Saturday, May 28, 2011

May 28th

I couldn't log onto my blog for the past two days. I was starting to get a little panicky there for a bit. It's a weird feeling, not being able to reach the usual seat behind the curtain.

Keith and I are going riding today. We're going to try out a riding park that we have to pay to get in. It makes me long for Colorado, and its miles and miles of free trail that ran along the Rockies.

It rained and the pool turned the most vivid shade of green I've ever seen. The pool company told us it was because of the sulphur in the rain. They dropped some powerful chemicals in there and within hours it was clearing up, but too deadly to swim in.

We were out there til eight thirty last night, which is when the sun finally set behind the tall, stately pines that shield the pool toward the west and north. We sat out there in damp bathing suits, eating brats with forks and our fingers.

I have finished all the re writing that was necessary on Torii and now must take up where I'd left off, start pushing the story forward in its new direction.

Keith's head keeps popping up from behind the couch, revealing his beguiling grin and beckoning finger, so my blogging keeps getting interrupted.

I have three pictures of myself as a little girl propped up on my desk, to help me remember what it's like to be so young.
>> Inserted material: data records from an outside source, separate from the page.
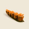 hosomaki fritto con salmone e tartare di salmone in cima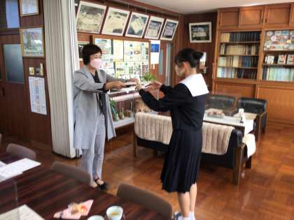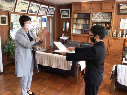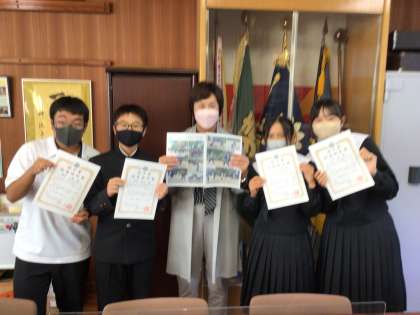 伊保起倒流棒の手伝統芸能に9年間携わり、地域のコミュニティに貢献した3年生の4名の生徒です。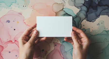 Hands gently hold a blank white card, a perfect space for your message or design, set against a backdrop of soft, flowing alcohol ink art in calming pastel and deep tones. Ideal for mockup, branding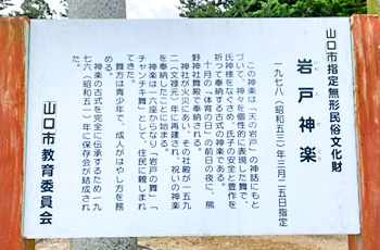 山口県山口市小郡上郷にある熊野神社になります。 【山口市指定無形民俗文化財】岩戸神楽 1978年3月25日指定 岩戸神楽は「天の岩戸」の神話にもとづいて、神々を個性的に表現した舞で、祈って奉納する古式の神楽になります。 この神楽は16座からなり「岩戸の舞」「チャンチキ舞」として住民に親しまれおります。 コチラの舞は10月の体育の日の前日の夜に行われます。 国道9号線沿いにあるJR仁保津駅から橋を渡りまっすぐ行けばいけます。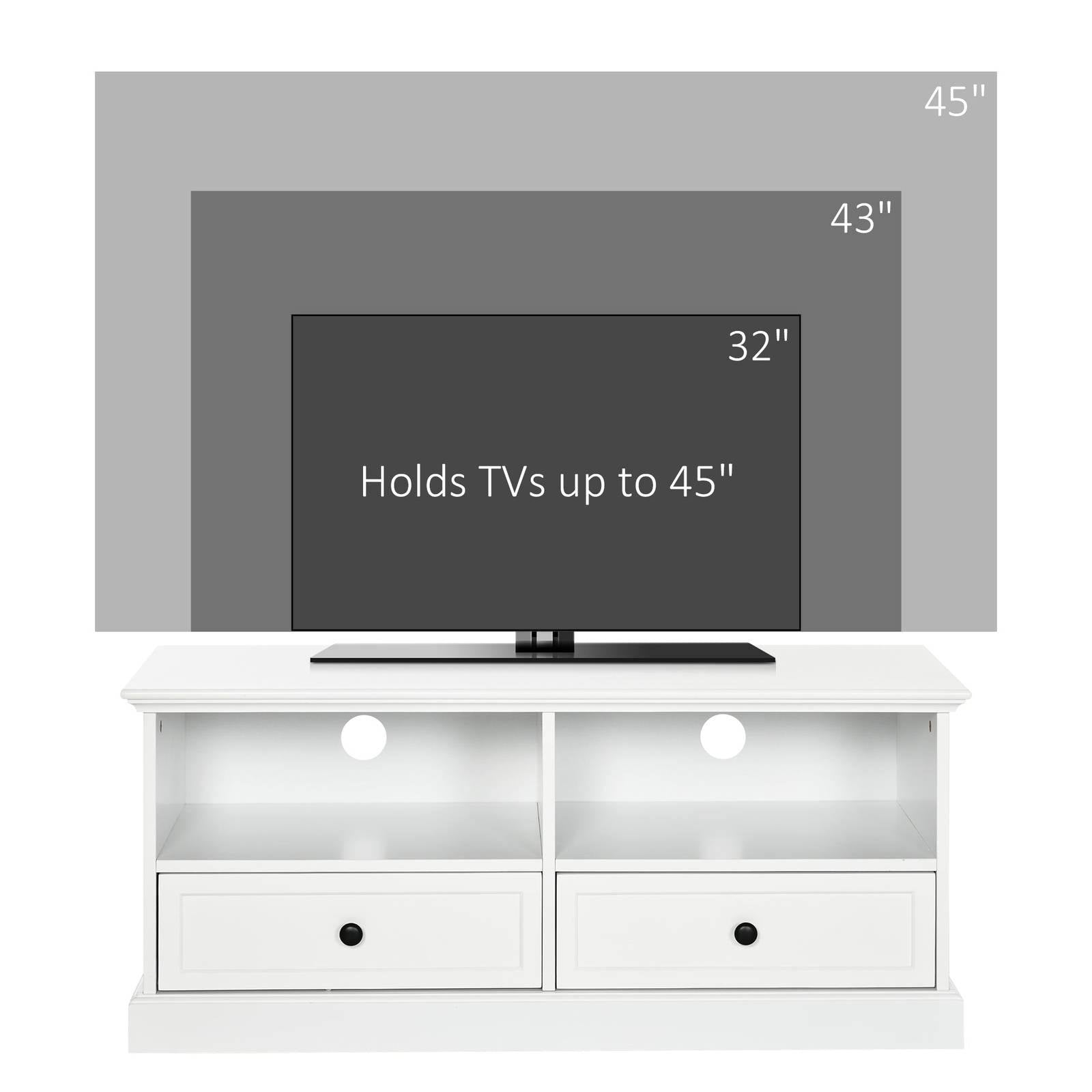Upgrade your living room with this HOMCOM entertainment unit. The pure white colour makes the unit a beautiful focal in bedroom, living room or any other places. 2 drawers and open shelves provide ample storage space. According to your preference and needs, you can use the entertainment stand for keeping game controller, cable box, books and video games. There are 2 cable holes for organizing wires without messy. Without a doubt, it will be a perfect companion for your relaxing moments.

I think that she will be about five when he first comes, and about eight when he returns. Maybe one day I'll write a story which doesn't draw so directly from my own personal experiences, but who knows? When Flannery O'Connor said that anyone who had survived their childhood had enough material to write for the rest of his or her life, he was not kidding.

When I was looking that quote up, I came across this one, which is awesome:

Writing a novel is like driving a car at night. You can see only as far as your headlights, but you can make the whole trip that way.
-- E.L. Doctorow

So very true.

My ideas on world construction keep evolving. I think the spirit realm will be flat and ringed by mountains beyond the seas. At the four compass points are the four mouths of the wind. Then, I think the shadow form of the Himalayas, or Mt. Everest to be exact, will be where the Ishi no Torii is, and the gate into the underworld will be in the Mariana trench.

I think maybe using the shadow form of actual geography on the Mirror plains is more interesting and will make for a more varied sort of journey. I can actually chart their journey out and then transform what it truly there into what it would be in the spirit realm. Also, all the daemons can live on the mountain ring.

This is useful to me because I have pretty much decided that Gilly will not be returning to the mortal world. Tenshio will send her to school at a nunnery, a plan Gilly will buck like hell, but that will be to no avail, when the time comes. The Abbess will be a daemon of Tenshio's acquaintance. She'll run a peaceful nunnery in some pastoral mountain valley, where other young daemon girls go to be educated, as well as human ghosts who need to recover from emotional wounds. So it will be a very interesting class composition, and Gilly will like it, after a while.

Keith is up and about. I'd better get ready for our trip. I have a cooler to pack.